In the bag of words model, a text document is represented as an unordered collection or “bag” of words, disregarding grammar, word order, and context. It treats each word in the document as a separate and independent feature. The resulting representation captures the presence or absence of words and their frequencies within the document.

Here’s a high-level overview of how the bag of words representation is created:

Tokenization: The text data is divided into individual words or tokens. Commonly, this process involves splitting the text based on whitespace, punctuation, or other delimiters.

Vocabulary Creation: A vocabulary is constructed by gathering all the unique words from the entire corpus (collection of documents).

Word Counting: For each document, the occurrence or frequency of each word in the vocabulary is counted. This information is typically represented in a matrix, where each row corresponds to a document, and each column corresponds to a word in the vocabulary. The matrix contains the word counts (or frequencies) for each document.

The bag of words representation simplifies text data into a numerical format that machine learning algorithms can process. It has applications in various NLP tasks, such as text classification, sentiment analysis, topic modeling, and information retrieval.

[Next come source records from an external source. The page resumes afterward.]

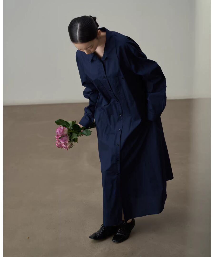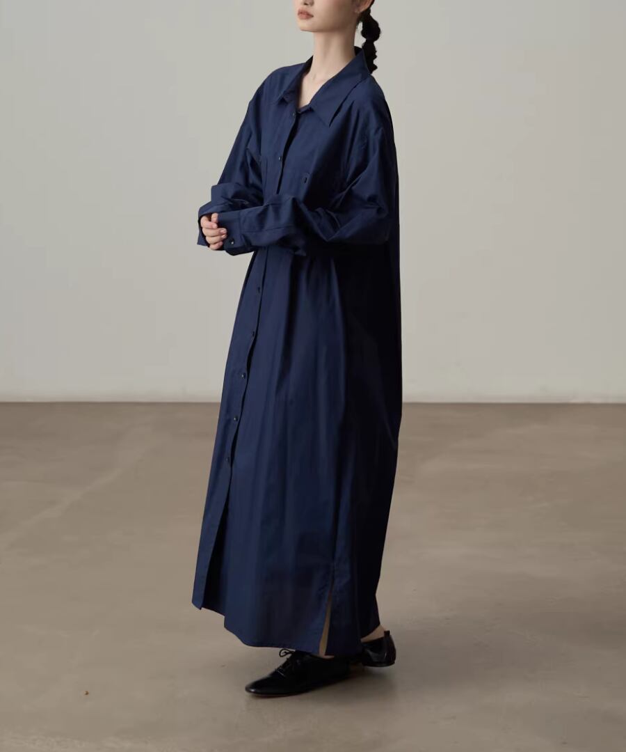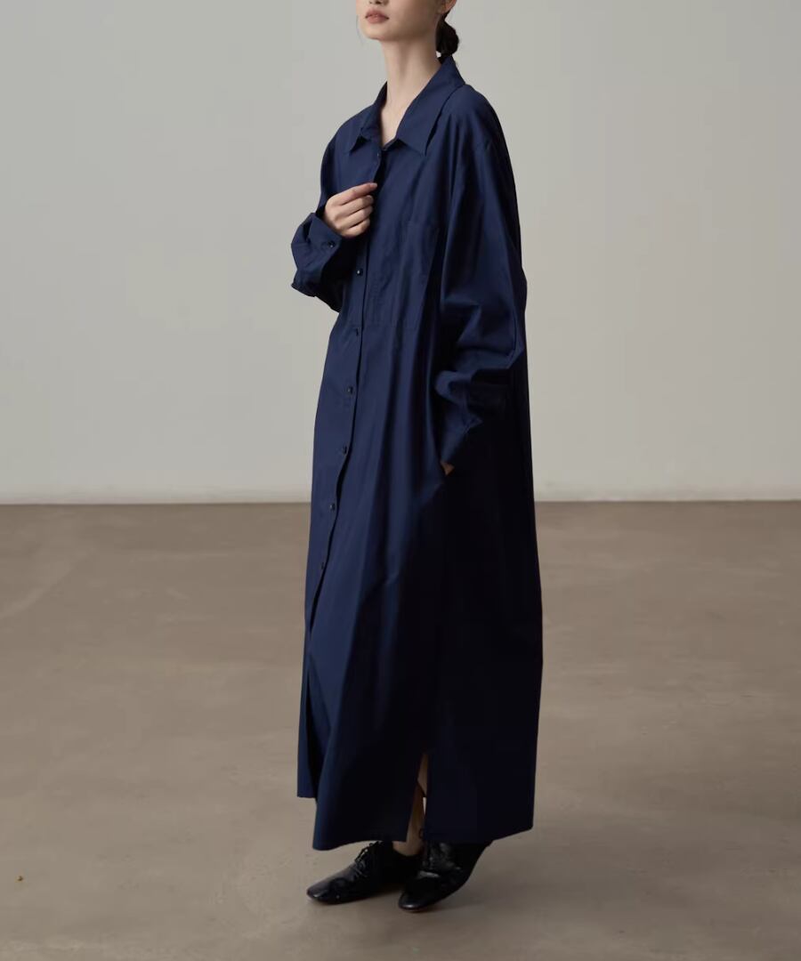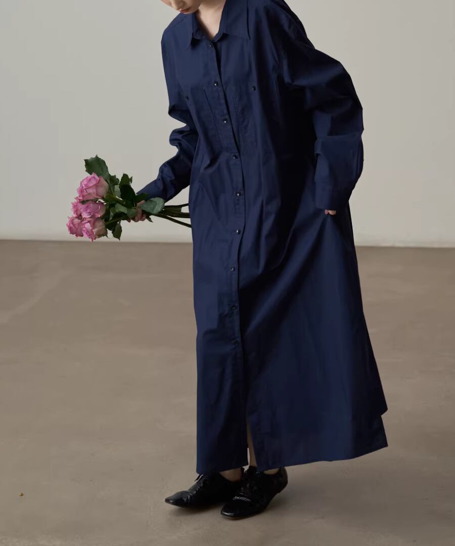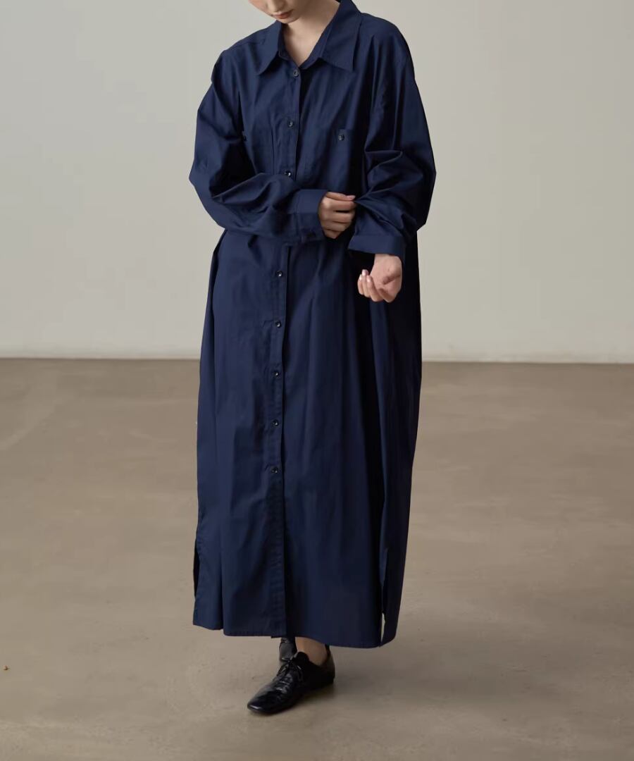 エレガントなスタイルを楽しむピュアコットンシャツワンピース。
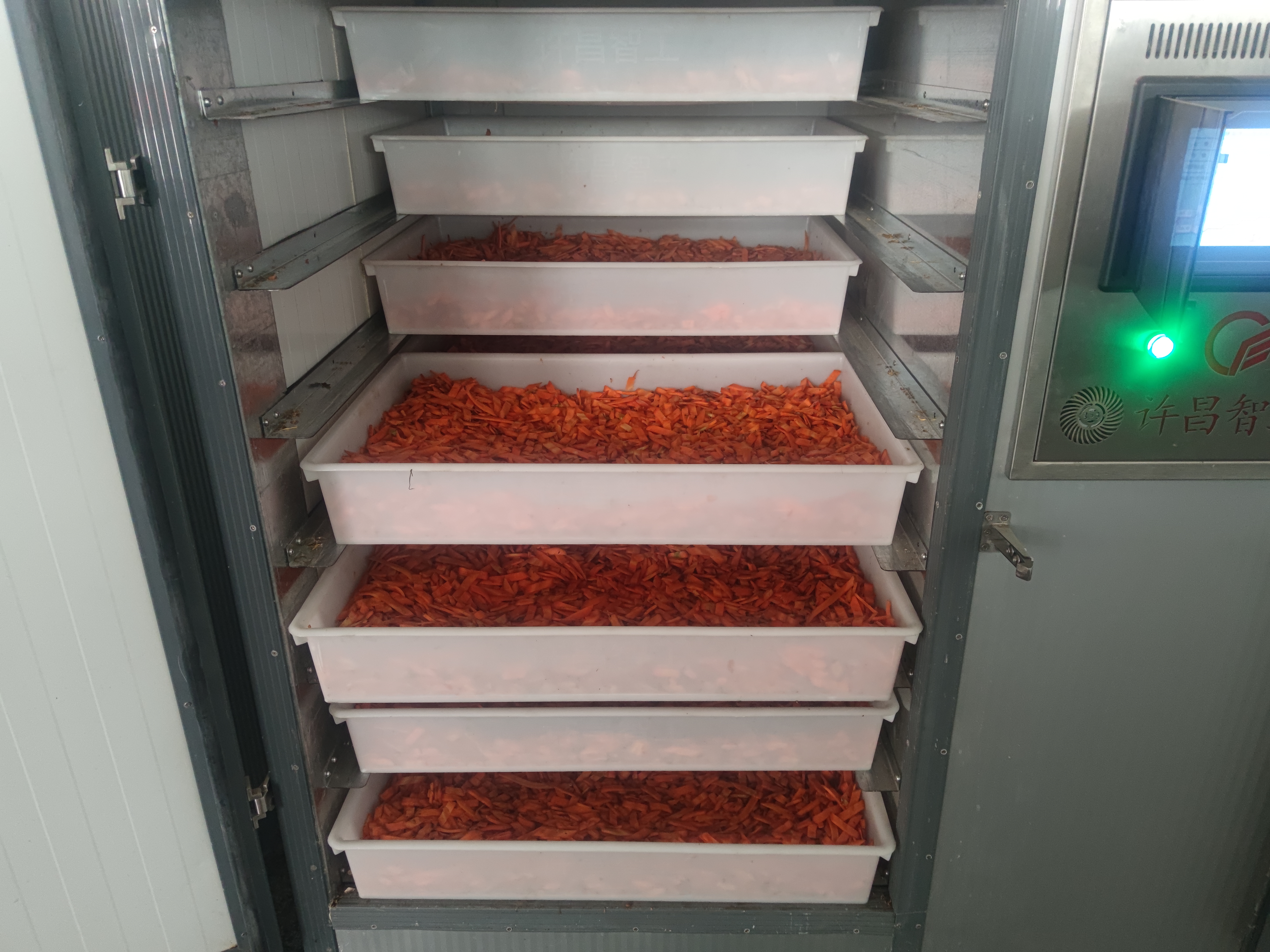 2021年3月15日 红萝卜切片后装箱20型空气能烘干设备,制作萝卜干,等待成品。
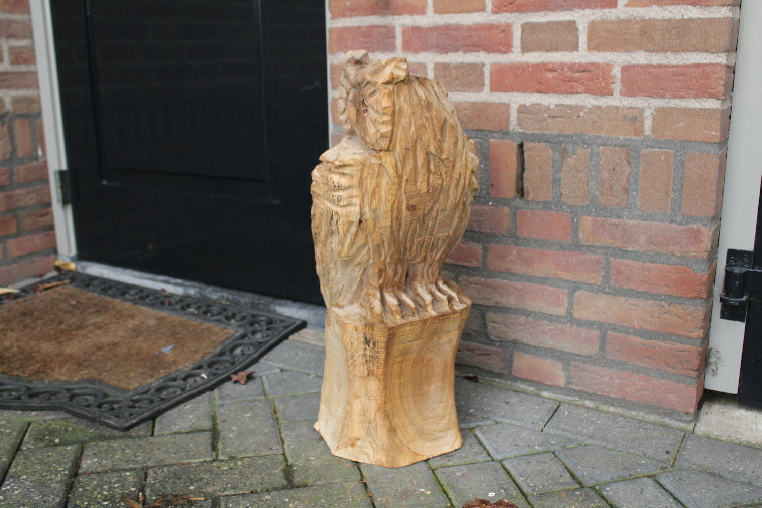 Hibou en bois sculpté, artisanat exclusif, scié à partir d'un tronc de chêne. Robuste / unique / spécial. Une image dans chaque jardin !
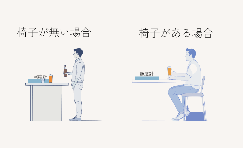 明るさを測定する位置は、「客席に食卓その他の飲食物を置く設備がある営業所については、当該設備の上面及び当該上面の高さにおける客の通常利用する部分」と定められていますので、どこで測っても良いというわけではありません。
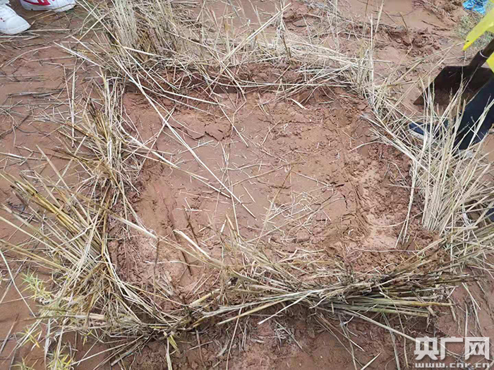 唐希明現(xiàn)場(chǎng)扎制的麥草方格。(央廣網(wǎng)記者 熊瑋 攝)
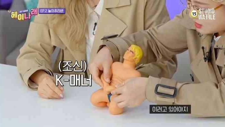 남성 인형을 구석구석 살핀 후 "너무 뒤가 T다", "너무 Y다",
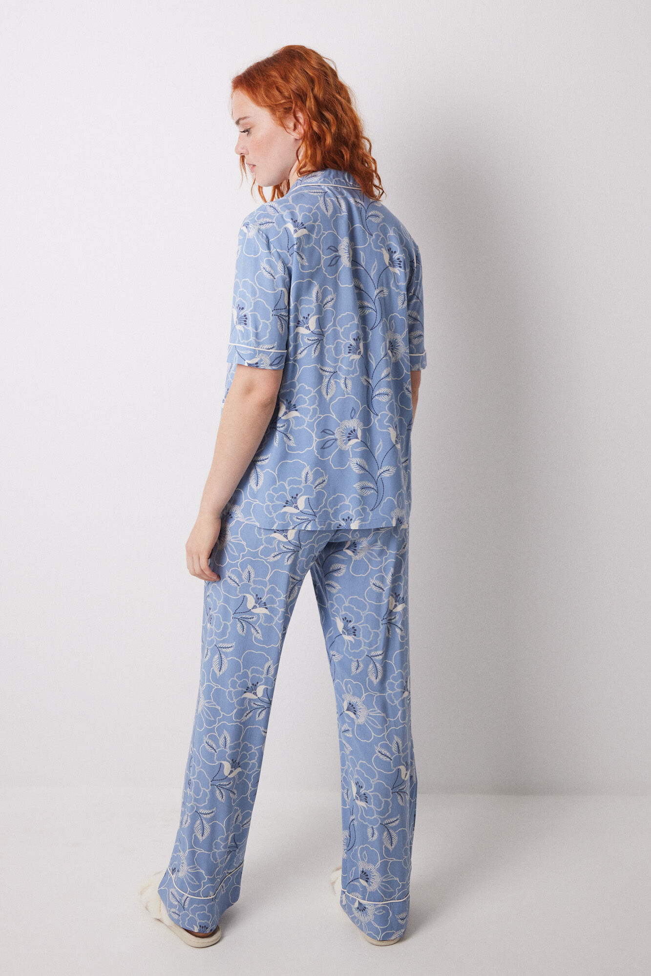 -70%Classic pyjamas, made of blue viscose fabric , with a floral print . Ideal for staying at home super warm and stylish.
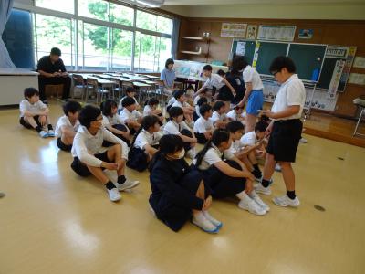 12日(水)に津幡警察署の方と不審者侵入訓練と防犯教室を行いました。1階12年教室に不審者が侵入したという想定です。子供たちは,落ち着いて行動し避難することができました。職員は不審者との対応訓練を実際に行いました。訓練後の津幡警察署の方による「防犯教室」では,不審者から声をかけられたら,はっきり「いやです。だめです。行きません。」と断るなど「いかのおすし」の具体的な話や不審者に遭遇した時に大声を出したり,逃げたりする練習をしました。自分で自分を守ることが大切だと教えていただきました。
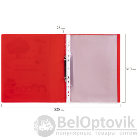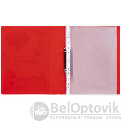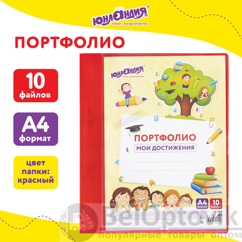 Папка для портфолио школьника/дошкольника, А4, 2 кольца, 10 файлов, красный пластик, ЮНЛАНДИЯ, 115235

First need to copy and paste the page content in the doc file:

Create a folder and save the doc file:

Now open the python terminal:


Run those 2 package in python:

pip install python-docx

pip install scikit-learn

This is the proper python code:

import docx

import pandas as pd

from sklearn.feature_extraction.text import CountVectorizer

# Load the DOC file

doc_path = “C:\\Users\\SUBRATA\\Desktop\\bagofword\\doc.docx”

doc = docx.Document(doc_path)

# Extract the text from each paragraph in the document

corpus = []

for paragraph in doc.paragraphs:

    corpus.append(paragraph.text)

# Initialize CountVectorizer and fit the corpus

vectorizer = CountVectorizer()

vectorizer.fit(corpus)

# Transform the corpus into a bag of words representation

bag_of_words = vectorizer.transform(corpus)

# Get the feature names (words)

feature_names = vectorizer.get_feature_names()

# Create a DataFrame from the bag of words

df = pd.DataFrame(bag_of_words.toarray(), columns=feature_names)

# Export the DataFrame to Excel

output_path = “C:\\Users\\SUBRATA\\Desktop\\bagofword\\doc.xlsx”

df.to_excel(output_path, index=False)

Before running the code, please create a excel file in the same folder:

Now run the code:

python bagofwordexcel.py

By following these steps, you can extract data from a DOC file, create a bag of words representation, and export the data to an Excel file for further analysis or use.

Add a SUM formula at the end to get the proper data of each queries:



Note that while the bag of words representation is useful for capturing word frequency information, it does not consider the order of words or capture semantic relationships between them. Other techniques, such as n-grams, word embeddings, or contextual models like Transformers, address these limitations by incorporating more contextual information.